Reproduce the following data exactly, minus any images.

- _Source data_

================================

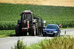 Umstritten sind auch Überholvorgänge bei Traktoren mit großen Anhängern oder schwerfälligen Gespannen. Beim Abbiegen von Feldern auf Landstraßen können diese für einen längeren Zeitraum die gesamte Fahrbahn blockieren. Besonders in der Dunkelheit oder bei Nebel sind nicht oder schlecht beleuchtete Anhänger schwer zu erkennen und verlangen von den Autofahrern besondere Aufmerksamkeit.[4]
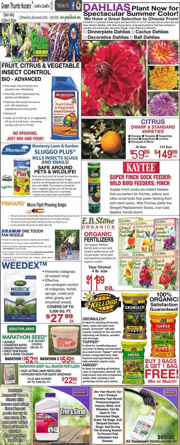 Garden supply store ad featuring flowers, plants, pruning tools, fertilizers, insect control, weed killers, and gardening product prices with colorful images and text.
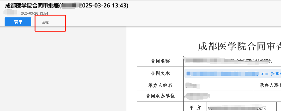 (二)合同范本或非合同范本,流程会到学校法律顾问处,律师审查后,承办人点击查看返回的表单(同第三步图示位置),下拉至“发起人附言”。
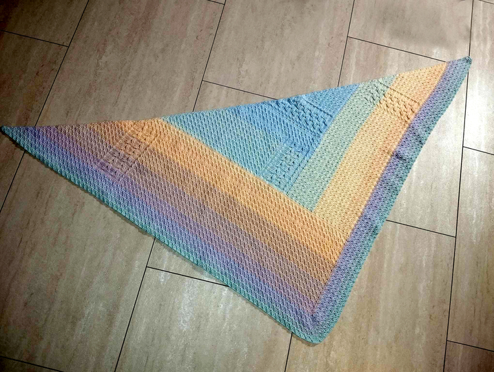 Flexibel in der Größe: Gestalte das Dreiecktuch ganz nach deinen Vorstellungen und entscheide selbst, wie groß es werden soll. Deiner Fantasie sind ab dem 4. Mustersatz keine Grenzen gesetzt.

================================

- _Response area_
 Umstritten sind auch Überholvorgänge bei Traktoren mit großen Anhängern oder schwerfälligen Gespannen. Beim Abbiegen von Feldern auf Landstraßen können diese für einen längeren Zeitraum die gesamte Fahrbahn blockieren. Besonders in der Dunkelheit oder bei Nebel sind nicht oder schlecht beleuchtete Anhänger schwer zu erkennen und verlangen von den Autofahrern besondere Aufmerksamkeit.[4]
 Garden supply store ad featuring flowers, plants, pruning tools, fertilizers, insect control, weed killers, and gardening product prices with colorful images and text.
 (二)合同范本或非合同范本,流程会到学校法律顾问处,律师审查后,承办人点击查看返回的表单(同第三步图示位置),下拉至“发起人附言”。
 Flexibel in der Größe: Gestalte das Dreiecktuch ganz nach deinen Vorstellungen und entscheide selbst, wie groß es werden soll. Deiner Fantasie sind ab dem 4. Mustersatz keine Grenzen gesetzt.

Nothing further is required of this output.